Rikku was not in the mood for explanations. “Just don’t let it happen again, Ross.”

Roster looked a little insulted. “It won’t!” he protested. “You know that! I don’t take on anything I can’t handle. I would’ve had everything under control if my power source” – he shot a glare at Haunte – “wasn’t mysteriously glued to my ceiling by person or persons unknown.”

Haunte brushed crumbs off his furry muzzle with great dignity.

“I’ve had enough,” said Rikku, in great frustration. “I’m going back to bed.” She got up, somehow managing to slam her chair, and stormed down the stairs into the basement.

 

*

 

When she woke, the house was silent.

No plesant background sound of Tesuri and Myotis bickering over breakfast. No errand-runner dashing through the door to tell excitedly of her exploits in distant Scria.

The creak of the stairs sounded very loud in the emptiness. Rikku ascended more slowly than was her custom, gripping the rail so tightly her knuckles turned white.

No Haunte in the kitchen.

No Sii in the lounge.

No Ross in the attic.

“This is beginning to sound horribly like a game of Cluedo,” she said, trying to inject false cheer into her voice. “‘Rikku in the kitchen with a frying pan’.” She sighed. “Talking to herself.”

 Well, she wasn’t the kind to sit around moping all day. A check of her profile showed none of her employees in the module. And there was only one thing that could mean.

“Graveyard,” she growled, and got to her feet purposefully.
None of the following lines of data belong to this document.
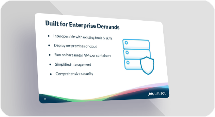 Interactive Introduction To MemSQL Page 22 Page 24Built for Enterprise Demands ● Interoperable with existing tools & skills ● Deploy on-premises or cloud ● Run on bare metal, VMs, or containers ● Simplified management ● Comprehensive security 23
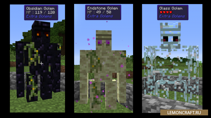 Мод Extra Golems добавляет в игру новые големы, которых вы сможете создавать из различных блоков. В зависимости из каких блоков созданы големы, их характеристики будут отличаться. Теперь у вас появится возможность создать защитника, который сможет отстоять ваши территории от всякой нечисти.
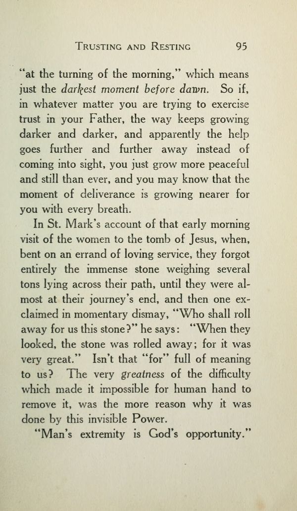 "at the turning of the morning," which means just the darkest moment before dawn. So if, in whatever matter you are trying to exercise trust in your Father, the way keeps growing darker and darker, and apparently the help goes further and further away instead of coming into sight, you just grow more peaceful and still than ever, and you may know that the moment of deliverance is growing nearer for you with every breath.
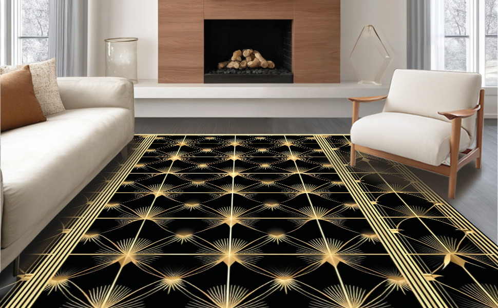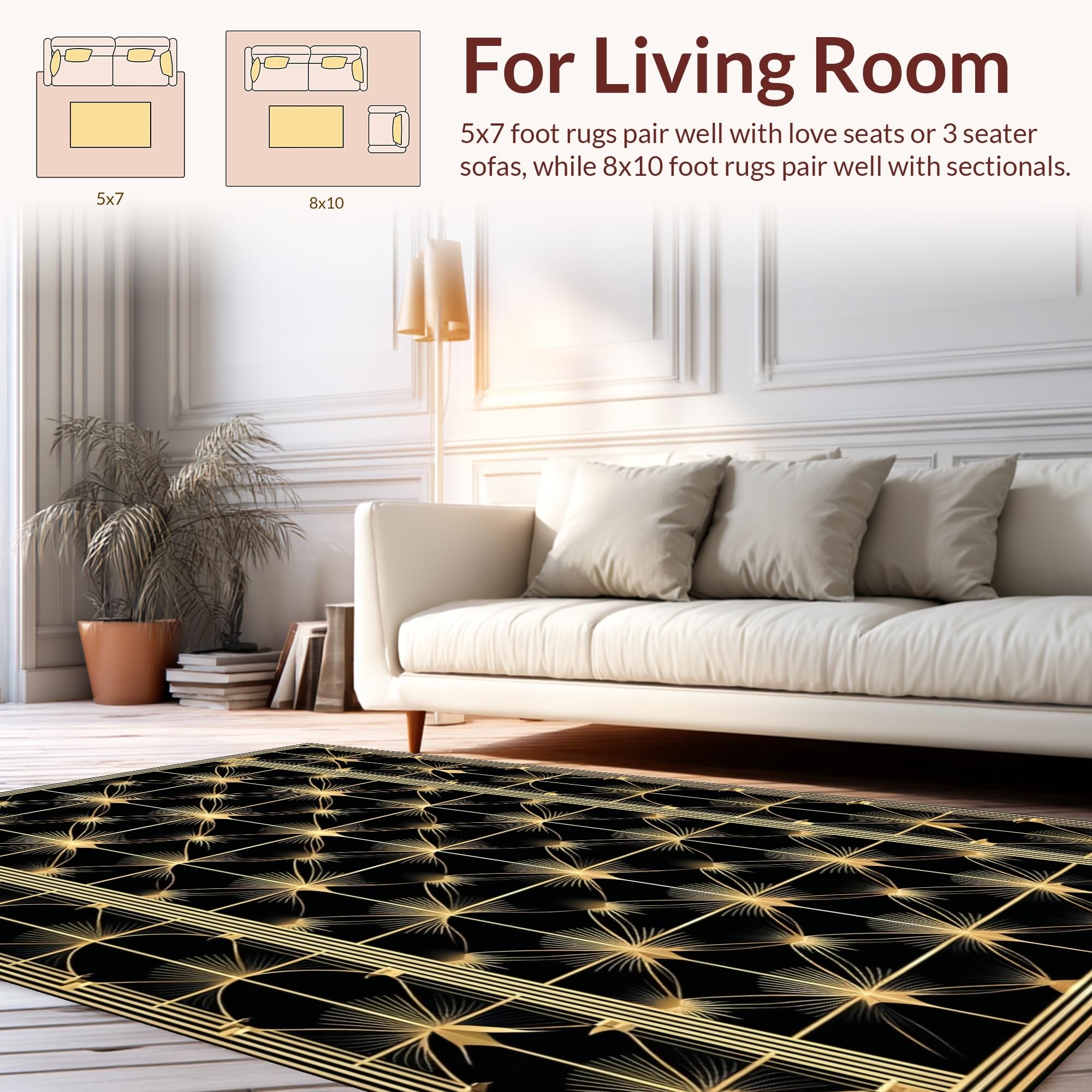 Ultra Soft Area Rug, Non Slip, Stain Resistant, Washable Area Rugs for Living Room, Bedroom, Modern Abstract Shell Patterning(Black) Overview:
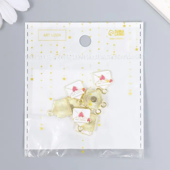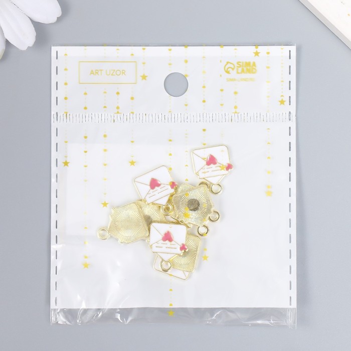 Металлический элемент, декоративная подвеска «Арт Узор. Любовное письмо», эмаль, бело-розовый, 1.6×1.2 см — Характеристики
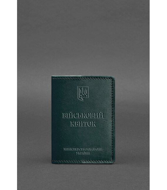 Кожаная обложка на военный билет от бренда БланкНот специально разработана для бережного хранения вашего документа. Сшита из высококачественной натуральной кожи краст. Кожа краст достаточно крепкая и долговечная.Тиснение на лицевой стороне обложки полностью дублирует оригинальный бланк документа. Вверху расположен герб Украины, посередине находится надпись «Військовий квиток» и в нижней части имеется тиснение "Міністерство оборони України"К заказу доступно два варианта обложки:С кожаным внутренним карманом. В таком случае военный билет удобно располагать в закрытом виде с одной стороны обложки, а во втором кармане можно носить дополнительные документы. Обложка с прозрачным внутренним карманом позволяет расположить военный билет в обложке в развернутом виде и демонстрировать документ, не доставая его с обложки. Этот аксессуар обеспечит сохранность вашего документа и пригодится всем военнослужащим.Почему стоит купить Зеленую кожаную обложку на военный билет (BN-OP-7-malachite) от BlankNote?Качественная натуральная кожа Четкое и хорошее тиснение Ручная работы Гарантия 3 годаНаши мастера могут изготовить обложку в любом другом цвете. Также изделие можно персонализировать.Обратите внимание на наши изделия с украинской символикой. Рекомендуем обложки для паспорта с гербом Украины.Гарантия на обложку - 3 года с момента покупки.Фурнитура и комплектация может быть изменена производителем
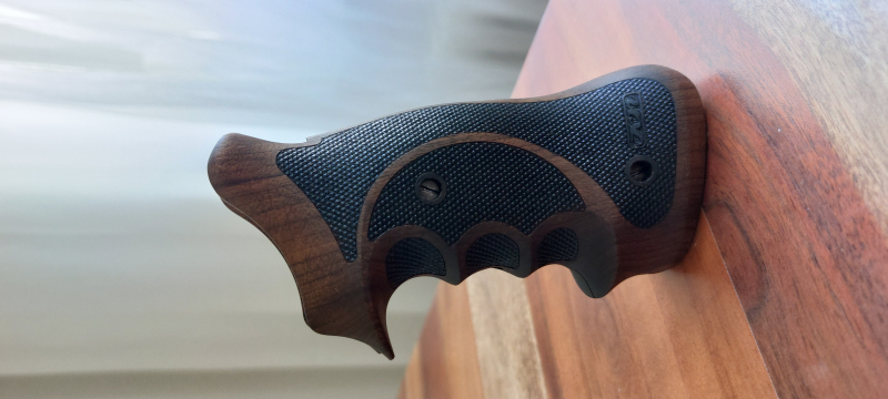 Hallo verkauft wird ein Karl Nill Griff für ein Smith&Wesson Revolver 629 der Griff wurde von mir an der Fischhaut aufwändig geschwärzt siehe Bilder was sehr schön aussieht. An dem Griff ist nix abgebrochen oder beschädigt,die Bezeichnung des Griff SW01XH08
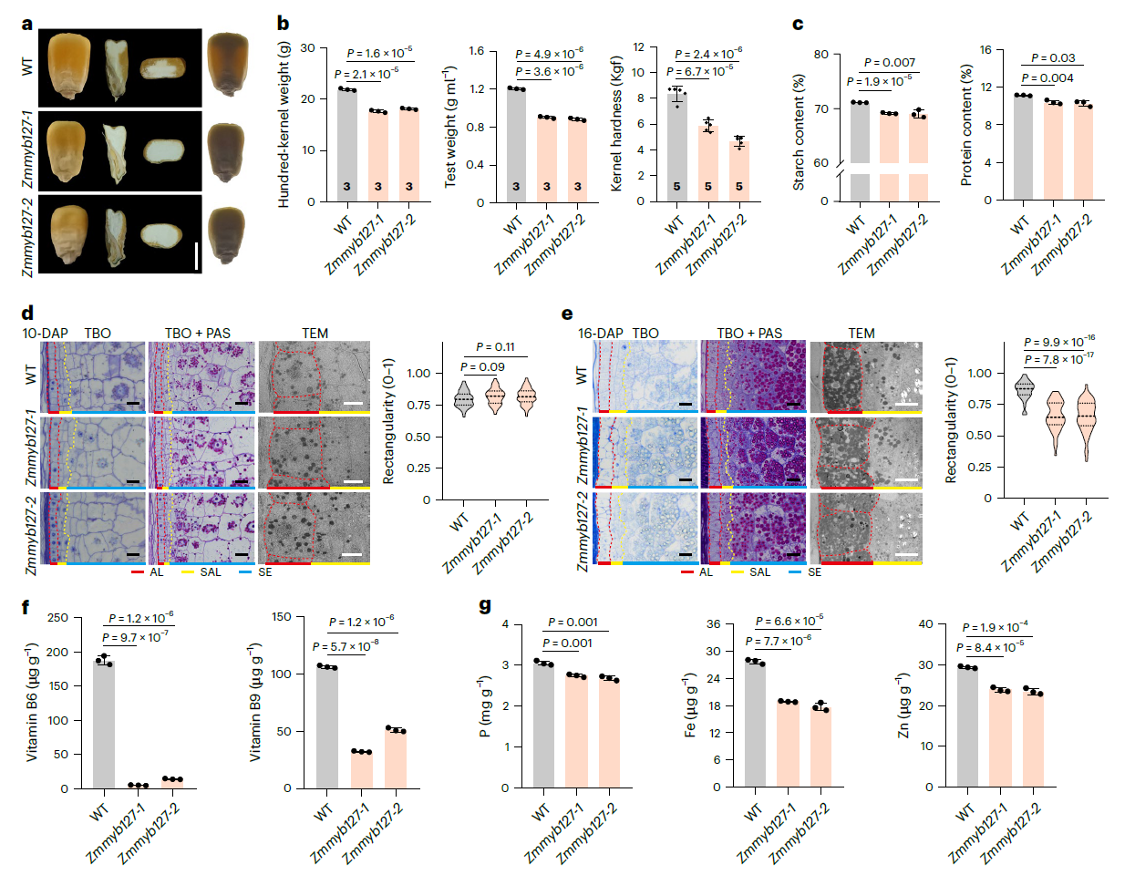 研究团队利用公开的玉米籽粒发育高时间分辨率转录组图谱,鉴定出ZmMYB127是MYB家族转录因子中在灌浆胚乳表达量最高且最特异的转录因子。功能分析表明,ZmMYB127基因敲除会破坏灌浆胚乳中糊粉层的形成,导致籽粒重量、品质和营养价值均显著降低(图1)。
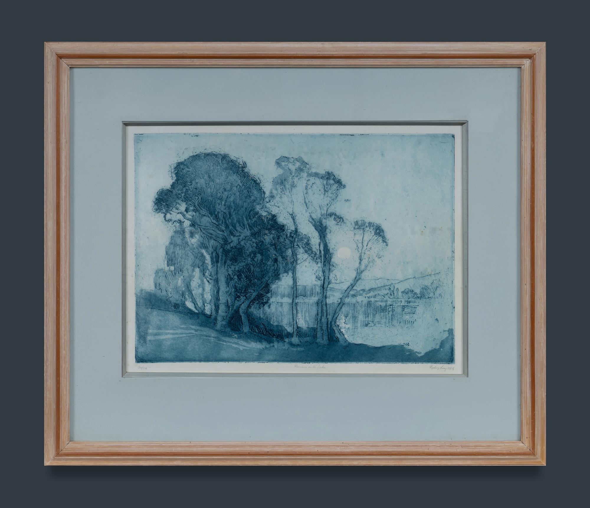 LONG, Sydney (1871-1955) 'Moonrise on the Lake' Label verso for Artarmon Galleries, Sydney (stock no.17555) Aquatint (Blue) 34/60 26x36.5cm (image)Estimate $800-1,500
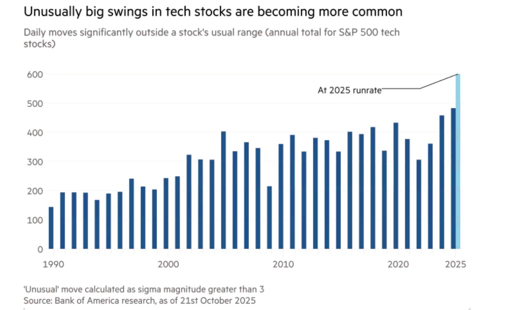 According to the latest statistics from Bank of America, there have been 119 instances this year where the market value of individual stocks on Wall Street has increased or decreased by more than $100 billion in a single day. This figure not only sets a record for the highest annual total in history but also indicates that the number of "fragility events" (i.e., stock prices far exceeding normal volatility ranges) encountered by tech giants this year has already surpassed the total for the entire year of 2024 within just 10 months.
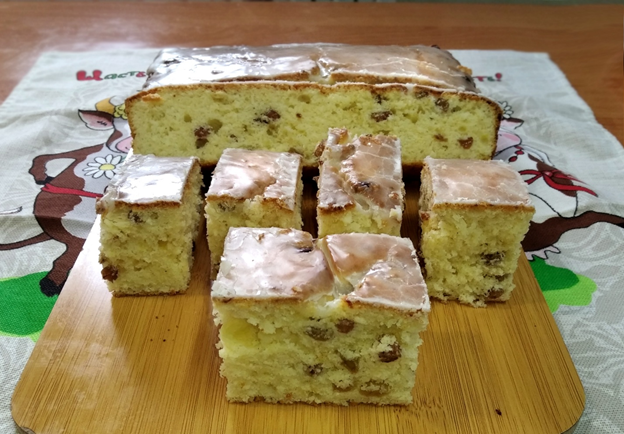 6. Готовый пирог снять с духовки, аккуратно перевернуть на решетку и снять бумагу. Подготовить глазурь, смешав сахарную пудру с лимонным соком, и равномерно нанести на еще горячий пирог.
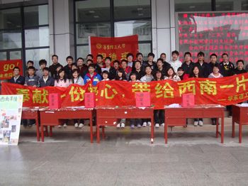 4月8、9日中午,华东理工大学“明德班”全体同学在奉贤校区食堂门口为西南旱灾区举行了爱心募捐活动。
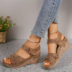Sandalias de cuña para mujer con tira ajustable y detalle de abertura
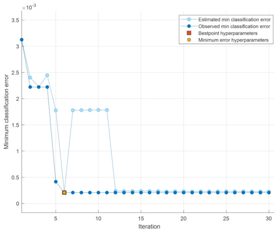 Model optimization for optimizable neural network model using the hyperparameter search range. The plot investigates the trajectory of estimated minimum classification error, and the observed minimum classification error with respect to varying numbers of iterations (max = 30 iterations). In this figure, the best point hyperparameters that satisfies the minimum error hyperparameters are also traced.

It was a long walk across rugged terrain, but Reiflem was her favourite planet, and it was second nature to sidestep the fissures, dodge the geysers and steer clear of any area which smelled strongly of sulphur. Eventually, she was there: the Graveyard, with its rich dirt, uncharacteristic of Reiflem, and the tidy little rows of tombstones. Some of them had names; some, the older, were blank. A tree that looked at least as dead as any of the creatu dipped its black-leafed branches in some unfelt breeze. An eerie mist dampened her skin and made her shiver. If she strained, she could almost hear whispers

All in all, it was incredibly chilling. But the creepy effect was utterly ruined when a fluffy pink unicorn appeared in front of her.

 “Hello Dear,” it said, smiling sweetly, “it seems that you have come looking for a lost soul—”

“Too right I have!” yelled Rikku. She paused. “And why in Otroe’s name did you just give ‘dear’ a capital ‘D’?”

The unicorn blinked. “… Is that relevant?”

“Yes,” Rikku said. “Because, personally, I would love to add bad grammar to your already lengthy list of crimes.”

“I don’t know what you’re talking about,” said the unicorn, too quickly.

Rikku snorted. “Of course you wouldn’t,” she said sarcastically. “I don’t suppose you’d know who I am, either? Let me inform you. I’m Rikku, and I’m a real necromancer. And I’ve ignored the goings-on here because I didn’t want to seem intrusive, but it stops, here and now. You’ve gone too far this time, ‘Quest Giver’. If that is your real name.”

Quest Giver took a step backward. “Get out,” it said sharply. “You’re not welcome here. The … um, the, the spirits don’t like you. Yes.”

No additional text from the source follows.